Division of Cytopathology, Department of Pathology, The Johns Hopkins Hospital, Baltimore, Maryland, USA.
Department of Pathology, Faculty of Medicine, Chiang Mai University, Chiang Mai, Thailand.
Diagn Cytopathol. 2020 Dec;48(12):1282-1289. doi: 10.1002/dc.24573. Epub 2020 Aug 18.
Adenoid cystic carcinoma (ACCA) is an uncommon primary malignancy of salivary glands and rarely nonsalivary tissue. This study aims to evaluate the diagnostic accuracy of ACCA on fine needle aspiration (FNA) material and the associated challenges.
A search on electronic pathology database from 2006 to 2016 at The Johns Hopkins Hospital found 83 cytology specimens diagnosed as ACCA, 49 with histology follow-up.
Fifty-two females and 31 males were found ranging from 37 to 95 years old (mean 62.5). The tumor size was 1 to 11.5 cm (mean 3.4). FNAs were performed on 46 salivary glands (54.88%), 12 head and neck masses (14.45%), 9 lymph nodes (10.84%), 9 tracheas/lungs (10.84%), 4 vaginal/perineum/gluteal masses (4.82%), and one for each kidney, liver and abdominal/pelvic mass (1.21%). 83 FNA diagnoses revealed 3 nondiagnostics (3.61%), 20 neoplasms with unspecified features (24.10%), 30 basaloid neoplasms (36.14%), 18 ACCA (21.69%), and 12 other malignancies (14.46%). The accuracy of FNA in diagnosis of ACCA comparing to histologic follow-up in 49 cases was 87.5% sensitivity, 66.67% specificity, with 92.11% positive predictive value and 54.55% negative predictive value. The most common mimicker was pleomorphic adenoma.

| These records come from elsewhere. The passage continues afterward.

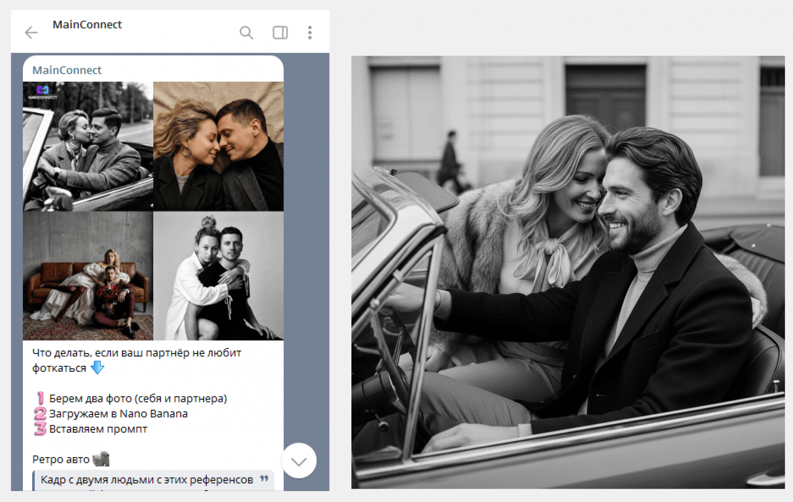 Подборки в Telegram особенно удобны для ИИ-фотосессий: в них уже есть идеи поз, образов и визуальных стилей, которые легко перенести в любой бот с поддержкой Nano Banana. Такой формат экономит время, упрощает процесс и помогает быстрее находить интересные решения.
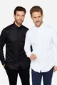Lot de 2 Chemises Slim Fit Noir et Blanc pour Homme, Faciles à Repasser, Absorbantes de Transpiration, Respirantes, pour Toutes Saisons
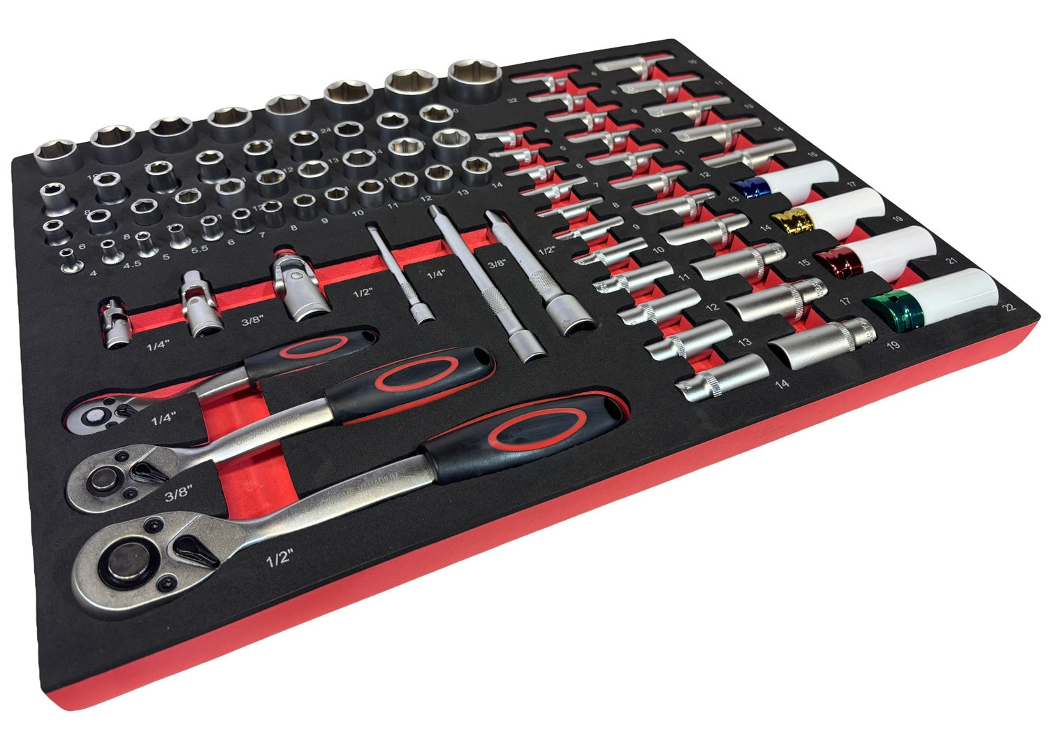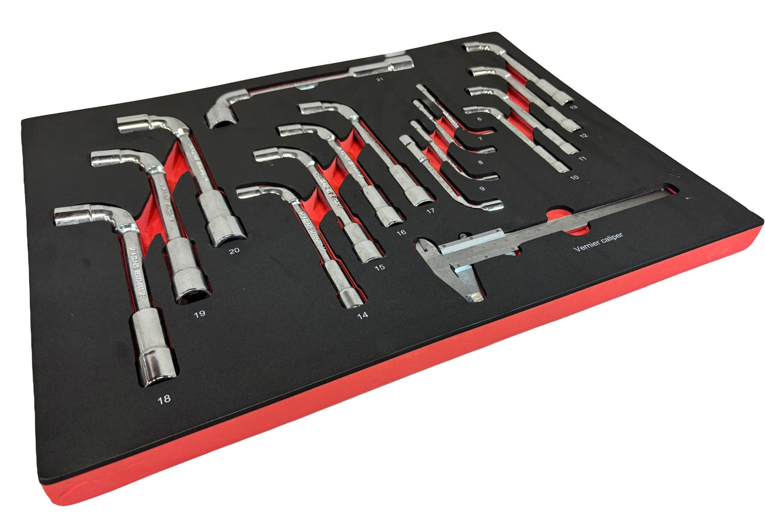Vidinis išdėstymas: įdėklai / paminkštinimai įrankių organizavimui

ACCA can be diagnosed not only in the salivary gland FNAs, but also respiratory tract, intra-abdominal, kidney, and gynecologic regions. FNA is a preferred technique to assess mass lesions. However, a diagnosis of ACCA on FNA material should be rendered with caution since there are benign and malignant neoplasms with overlapping features. Awareness of prior medical history and ancillary studies can improve the diagnosis.
腺样囊性癌(ACCA)是一种罕见的唾液腺原发性恶性肿瘤,很少发生于非唾液腺组织。本研究旨在评估 ACCA 在细针抽吸(FNA)标本中的诊断准确性及其相关挑战。
在约翰霍普金斯医院的电子病理学数据库中进行了 2006 年至 2016 年的检索,发现了 83 例细胞学标本诊断为 ACCA,其中 49 例有组织学随访。
共发现 52 名女性和 31 名男性,年龄 37 至 95 岁(平均 62.5 岁)。肿瘤大小为 1 至 11.5 厘米(平均 3.4 厘米)。FNA 分别对 46 个唾液腺(54.88%)、12 个头颈部肿块(14.45%)、9 个淋巴结(10.84%)、9 个气管/肺(10.84%)、4 个阴道/会阴/臀部肿块(4.82%)和 1 个肾脏、肝脏和腹部/盆腔肿块(1.21%)进行了检查。83 例 FNA 诊断结果显示,3 例为非诊断性(3.61%),20 例为特征不明的肿瘤(24.10%),30 例为基底细胞肿瘤(36.14%),18 例为 ACCA(21.69%),12 例为其他恶性肿瘤(14.46%)。在 49 例有组织学随访的病例中,FNA 诊断 ACCA 的准确性为 87.5%的敏感性、66.67%的特异性、92.11%的阳性预测值和 54.55%的阴性预测值。最常见的模拟物是多形性腺瘤。
ACCA 不仅可以在唾液腺 FNA 中诊断,也可以在呼吸道、腹腔、肾脏和妇科区域诊断。FNA 是评估肿块病变的首选技术。然而,由于存在具有重叠特征的良性和恶性肿瘤,因此在 FNA 标本上诊断 ACCA 时应谨慎。了解既往病史和辅助检查可以提高诊断准确性。